Data segment
☆ ☆ ☆
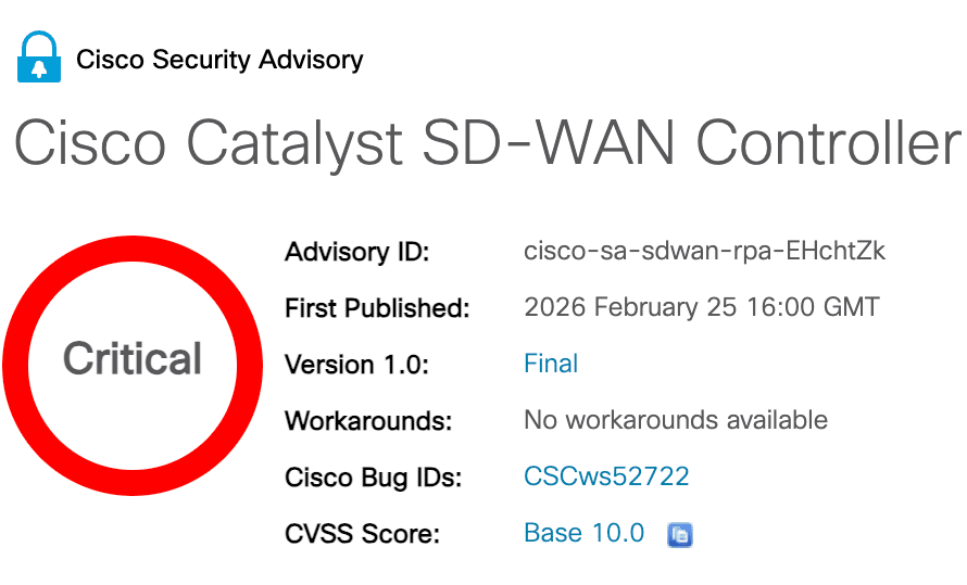 Wczoraj, 25 lutego 2026 roku, firma Cisco potwierdziła istnienie krytycznej luki bezpieczeństwa oznaczonej jako CVE-2026-20127, która pozwalała hakerom przejmować pełną kontrolę nad kluczowymi elementami sieci komputerowych. Tego samego dnia amerykańska agencja CISA uznała sytuację za na tyle poważną, że wydała pilną dyrektywę awaryjną Emergency Directive 26-03 i dodała podatność do katalogu Known Exploited Vulnerabilities, czyli listy luk, które są aktywnie wykorzystywane przez atakujących.
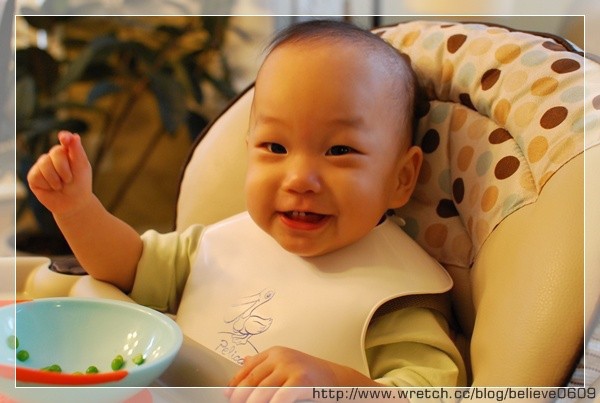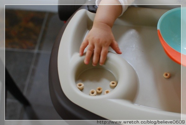 後來他技術好了 細動作更靈活 就吃磨牙餅 青豆 cheerios 麵線 麵包丁
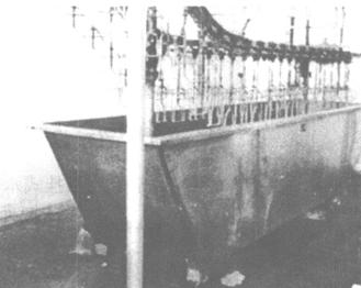 释义 | 石蜡净残羽系统 该系统主要由浸蜡箱、冷蜡箱和脱蜡机等组成,专门用于鸭、鹅等水禽机械脱羽后,去除禽体体表残存的细绒毛。经过石蜡净残羽系统的处理,鸭、鹅等水禽的羽毛脱净率可达到99%以上。 1.浸蜡箱 浸蜡箱主要由长方形盛蜡容器、熔蜡加热系统等组成。操作时,脱羽后的水禽顺着流水线的运转依次下降进入浸蜡箱,经过一定时间的浸蜡过程,从另一端上升离开浸蜡箱后进入冷蜡工序。 2.冷蜡箱 冷蜡箱主要由长方形容器、制冷系统等组成,结构如图3-2-36所示。操作时,浸蜡后的水禽顺着流水线的运转依次下降进入冷蜡箱,经过往返运转冷却,促使蜡凝固,将羽毛粘在蜡壳上,然后从进入端上升离开冷蜡箱进入脱蜡工序。 图3-2-36 冷蜡箱结构图 3.脱蜡机 脱蜡机是一种特殊的脱羽机,可将粘有羽毛的蜡壳除去。 |
☆ ☆ ☆
Goal of the exercise
For this exercise, write the listing out again exactly, excluding all images.

Result below
 Wczoraj, 25 lutego 2026 roku, firma Cisco potwierdziła istnienie krytycznej luki bezpieczeństwa oznaczonej jako CVE-2026-20127, która pozwalała hakerom przejmować pełną kontrolę nad kluczowymi elementami sieci komputerowych. Tego samego dnia amerykańska agencja CISA uznała sytuację za na tyle poważną, że wydała pilną dyrektywę awaryjną Emergency Directive 26-03 i dodała podatność do katalogu Known Exploited Vulnerabilities, czyli listy luk, które są aktywnie wykorzystywane przez atakujących.
 後來他技術好了 細動作更靈活 就吃磨牙餅 青豆 cheerios 麵線 麵包丁
 释义 | 石蜡净残羽系统 该系统主要由浸蜡箱、冷蜡箱和脱蜡机等组成,专门用于鸭、鹅等水禽机械脱羽后,去除禽体体表残存的细绒毛。经过石蜡净残羽系统的处理,鸭、鹅等水禽的羽毛脱净率可达到99%以上。 1.浸蜡箱 浸蜡箱主要由长方形盛蜡容器、熔蜡加热系统等组成。操作时,脱羽后的水禽顺着流水线的运转依次下降进入浸蜡箱,经过一定时间的浸蜡过程,从另一端上升离开浸蜡箱后进入冷蜡工序。 2.冷蜡箱 冷蜡箱主要由长方形容器、制冷系统等组成,结构如图3-2-36所示。操作时,浸蜡后的水禽顺着流水线的运转依次下降进入冷蜡箱,经过往返运转冷却,促使蜡凝固,将羽毛粘在蜡壳上,然后从进入端上升离开冷蜡箱进入脱蜡工序。 图3-2-36 冷蜡箱结构图 3.脱蜡机 脱蜡机是一种特殊的脱羽机,可将粘有羽毛的蜡壳除去。 |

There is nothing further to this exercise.